- _Directions for this task_
The following data has a line with "Muzeum Mazowieckie w" and a line with "Микс салатов, филе". Write out exactly those lines and all the lines between them.

(Beginning of The data)

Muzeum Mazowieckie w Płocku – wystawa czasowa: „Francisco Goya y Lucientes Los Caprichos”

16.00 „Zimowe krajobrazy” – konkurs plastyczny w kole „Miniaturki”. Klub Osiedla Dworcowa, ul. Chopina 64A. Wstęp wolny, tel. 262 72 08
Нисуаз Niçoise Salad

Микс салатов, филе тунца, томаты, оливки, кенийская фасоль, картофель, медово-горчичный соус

(End of The data)
(Beginning of The data)

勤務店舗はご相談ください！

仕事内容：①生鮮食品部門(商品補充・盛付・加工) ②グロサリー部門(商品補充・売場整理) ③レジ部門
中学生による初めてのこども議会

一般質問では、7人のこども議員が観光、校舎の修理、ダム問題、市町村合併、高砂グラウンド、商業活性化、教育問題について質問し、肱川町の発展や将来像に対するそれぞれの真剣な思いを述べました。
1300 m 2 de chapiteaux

(End of The data)
(Beginning of The data)

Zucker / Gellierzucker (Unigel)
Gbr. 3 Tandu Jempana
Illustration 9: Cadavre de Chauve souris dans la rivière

(End of The data)

- _Written solution_
Muzeum Mazowieckie w Płocku – wystawa czasowa: „Francisco Goya y Lucientes Los Caprichos”

16.00 „Zimowe krajobrazy” – konkurs plastyczny w kole „Miniaturki”. Klub Osiedla Dworcowa, ul. Chopina 64A. Wstęp wolny, tel. 262 72 08
Нисуаз Niçoise Salad

Микс салатов, филе тунца, томаты, оливки, кенийская фасоль, картофель, медово-горчичный соус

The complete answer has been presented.